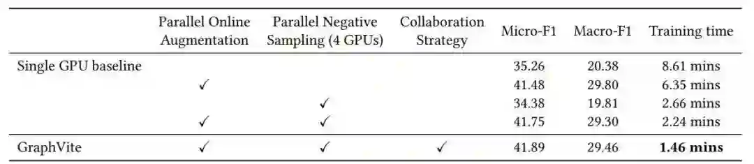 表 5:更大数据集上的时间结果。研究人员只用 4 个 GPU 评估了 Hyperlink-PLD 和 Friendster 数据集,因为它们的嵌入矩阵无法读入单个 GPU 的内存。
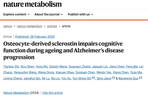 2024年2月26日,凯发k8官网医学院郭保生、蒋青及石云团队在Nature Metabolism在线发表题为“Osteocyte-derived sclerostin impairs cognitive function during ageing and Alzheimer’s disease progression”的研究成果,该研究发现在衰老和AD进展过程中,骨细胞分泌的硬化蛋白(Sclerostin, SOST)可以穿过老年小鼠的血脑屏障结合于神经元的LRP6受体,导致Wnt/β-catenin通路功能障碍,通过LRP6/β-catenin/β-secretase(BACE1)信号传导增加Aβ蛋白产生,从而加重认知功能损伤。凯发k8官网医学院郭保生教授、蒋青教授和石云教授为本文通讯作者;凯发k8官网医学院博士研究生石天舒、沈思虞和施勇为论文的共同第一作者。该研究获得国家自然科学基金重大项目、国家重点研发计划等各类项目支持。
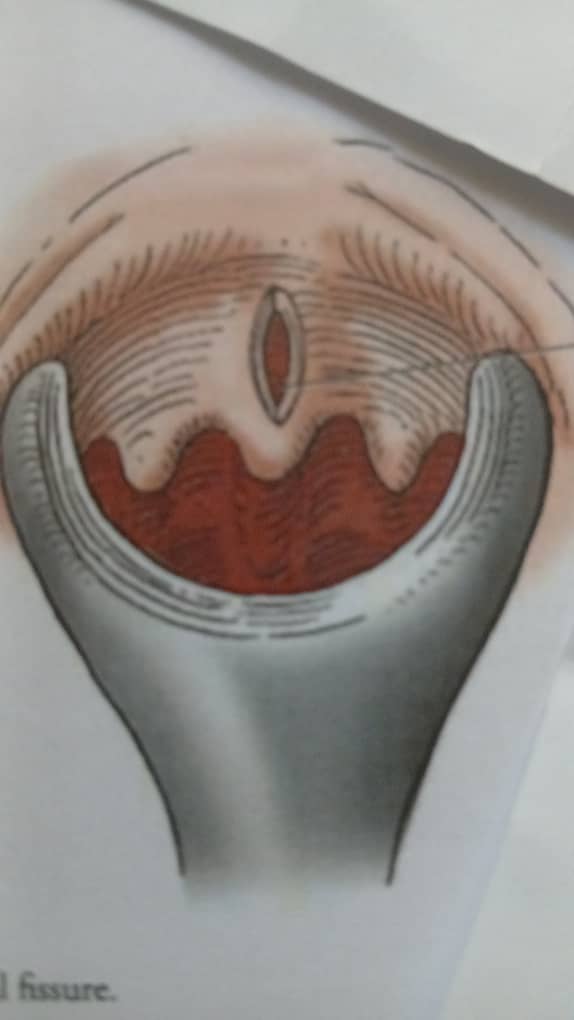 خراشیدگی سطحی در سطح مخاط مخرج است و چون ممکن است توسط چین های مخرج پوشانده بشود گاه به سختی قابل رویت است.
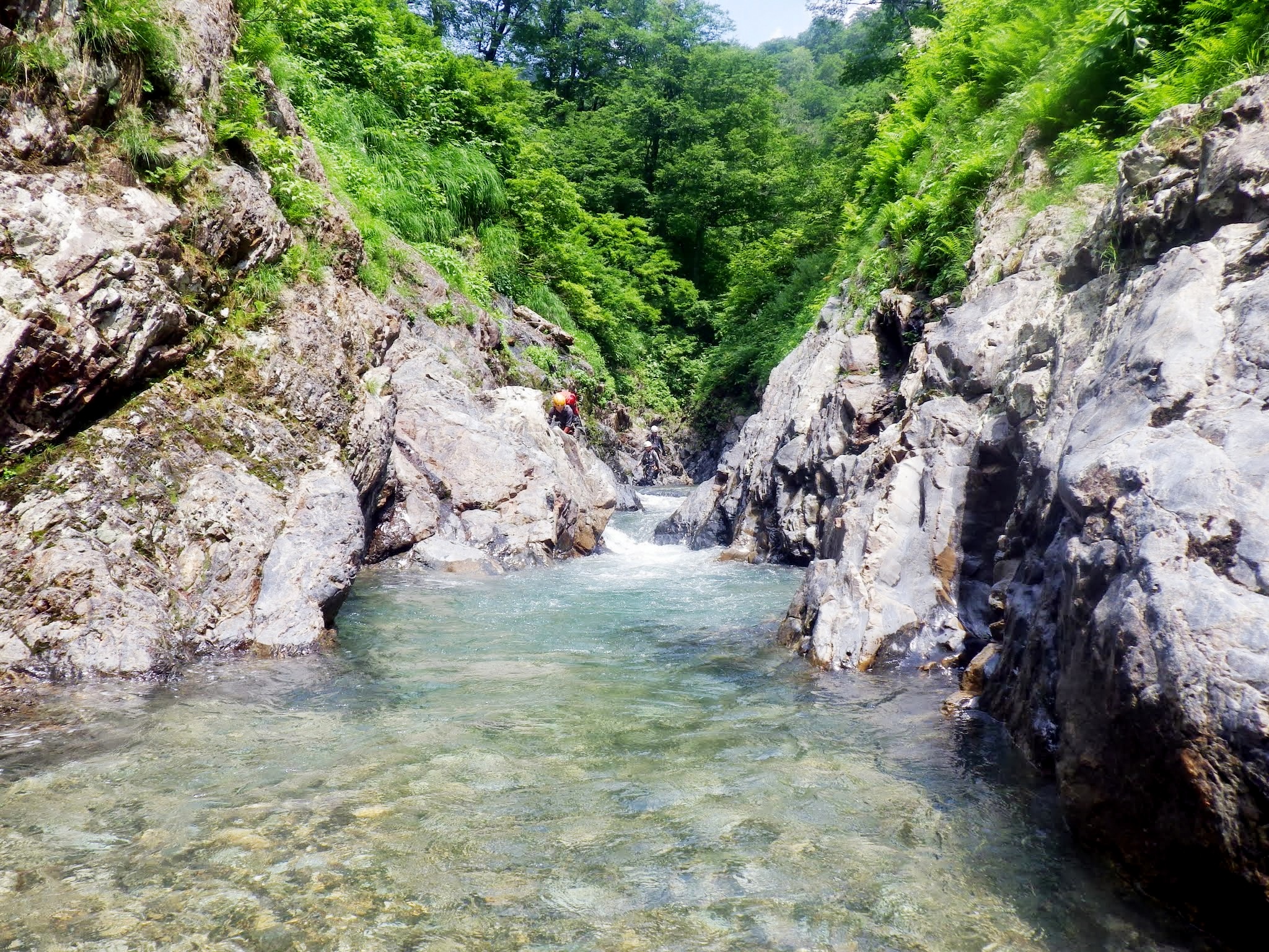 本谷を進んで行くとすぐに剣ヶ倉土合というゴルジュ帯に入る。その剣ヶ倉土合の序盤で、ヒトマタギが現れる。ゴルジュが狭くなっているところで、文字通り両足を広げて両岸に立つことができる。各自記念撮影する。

————————

▸ **What to do**
Repeat the data above exactly; images are not part of the copy.

▸ **Response**
 表 5:更大数据集上的时间结果。研究人员只用 4 个 GPU 评估了 Hyperlink-PLD 和 Friendster 数据集,因为它们的嵌入矩阵无法读入单个 GPU 的内存。
 2024年2月26日,凯发k8官网医学院郭保生、蒋青及石云团队在Nature Metabolism在线发表题为“Osteocyte-derived sclerostin impairs cognitive function during ageing and Alzheimer’s disease progression”的研究成果,该研究发现在衰老和AD进展过程中,骨细胞分泌的硬化蛋白(Sclerostin, SOST)可以穿过老年小鼠的血脑屏障结合于神经元的LRP6受体,导致Wnt/β-catenin通路功能障碍,通过LRP6/β-catenin/β-secretase(BACE1)信号传导增加Aβ蛋白产生,从而加重认知功能损伤。凯发k8官网医学院郭保生教授、蒋青教授和石云教授为本文通讯作者;凯发k8官网医学院博士研究生石天舒、沈思虞和施勇为论文的共同第一作者。该研究获得国家自然科学基金重大项目、国家重点研发计划等各类项目支持。
 خراشیدگی سطحی در سطح مخاط مخرج است و چون ممکن است توسط چین های مخرج پوشانده بشود گاه به سختی قابل رویت است.
 本谷を進んで行くとすぐに剣ヶ倉土合というゴルジュ帯に入る。その剣ヶ倉土合の序盤で、ヒトマタギが現れる。ゴルジュが狭くなっているところで、文字通り両足を広げて両岸に立つことができる。各自記念撮影する。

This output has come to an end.